• What is required: Reproduce the listing word for word. Skip any image.

• Exercise data:
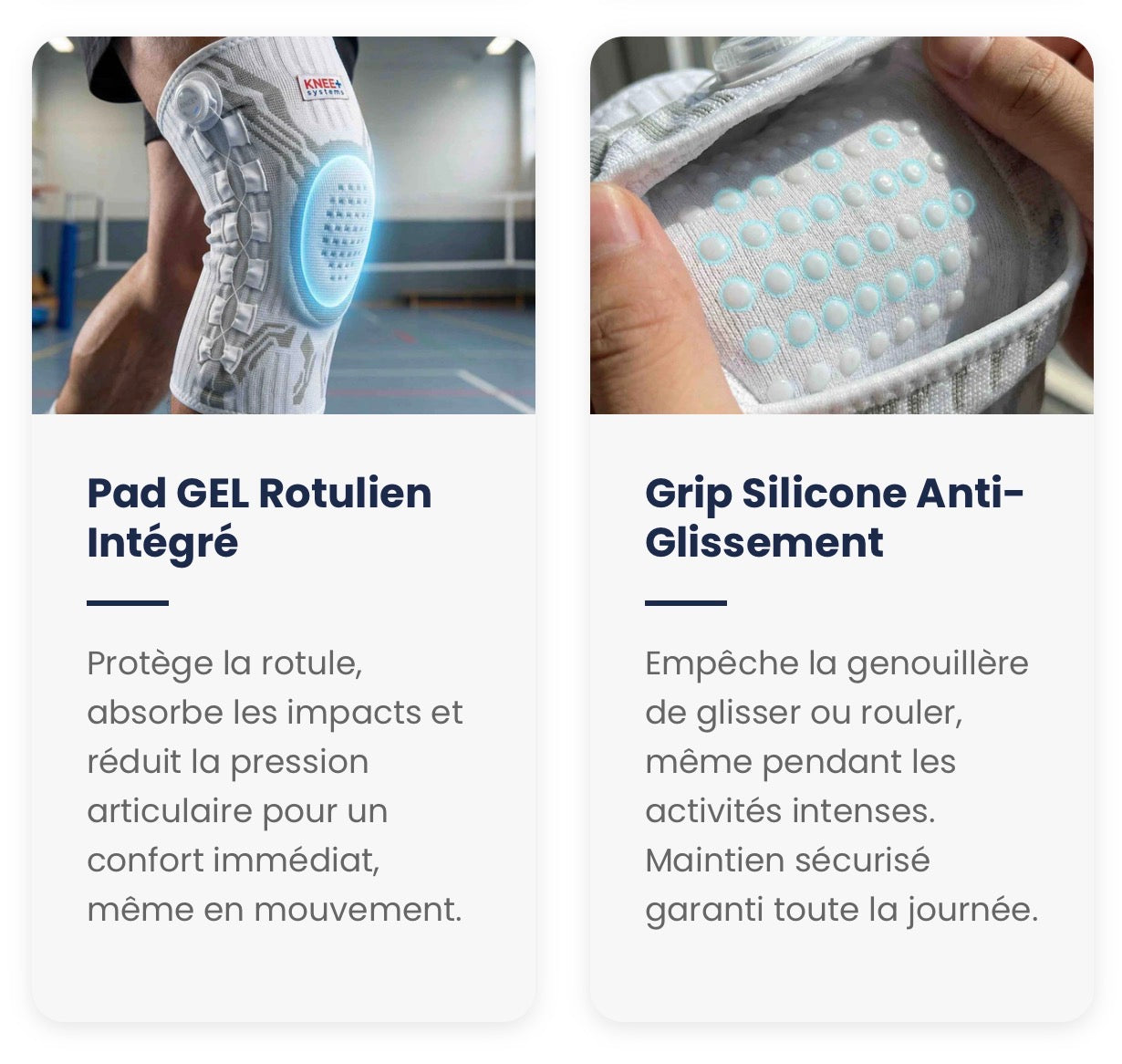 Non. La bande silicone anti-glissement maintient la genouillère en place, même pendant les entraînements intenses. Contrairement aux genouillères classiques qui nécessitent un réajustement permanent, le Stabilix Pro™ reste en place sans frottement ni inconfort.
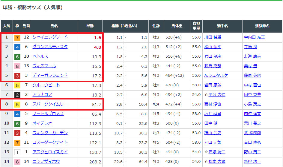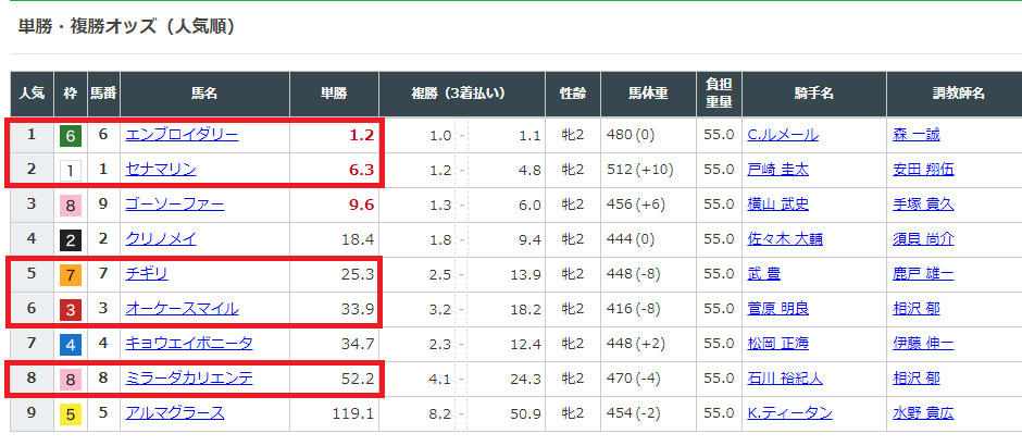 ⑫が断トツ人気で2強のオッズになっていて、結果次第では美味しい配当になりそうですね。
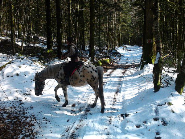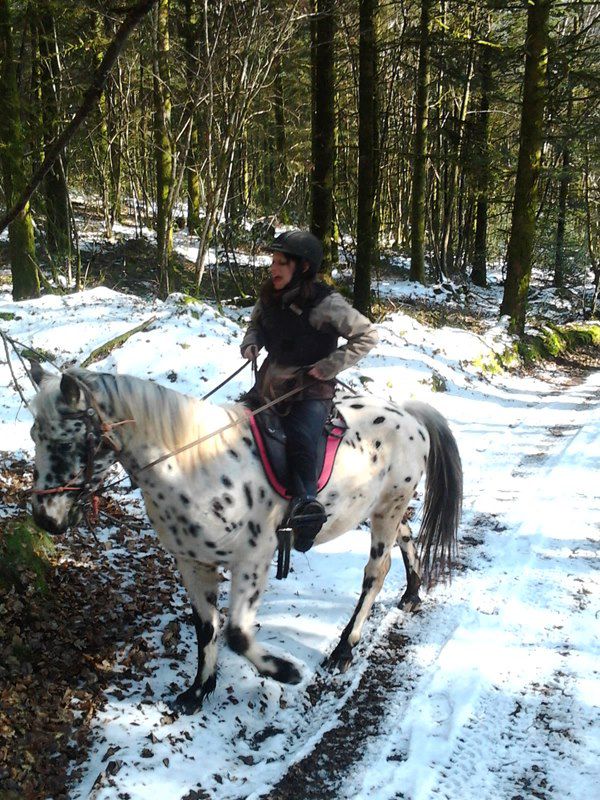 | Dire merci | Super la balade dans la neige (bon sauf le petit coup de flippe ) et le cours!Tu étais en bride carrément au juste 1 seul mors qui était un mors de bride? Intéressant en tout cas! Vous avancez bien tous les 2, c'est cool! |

• Your response:
 Non. La bande silicone anti-glissement maintient la genouillère en place, même pendant les entraînements intenses. Contrairement aux genouillères classiques qui nécessitent un réajustement permanent, le Stabilix Pro™ reste en place sans frottement ni inconfort.
 ⑫が断トツ人気で2強のオッズになっていて、結果次第では美味しい配当になりそうですね。
 | Dire merci | Super la balade dans la neige (bon sauf le petit coup de flippe ) et le cours!Tu étais en bride carrément au juste 1 seul mors qui était un mors de bride? Intéressant en tout cas! Vous avancez bien tous les 2, c'est cool! |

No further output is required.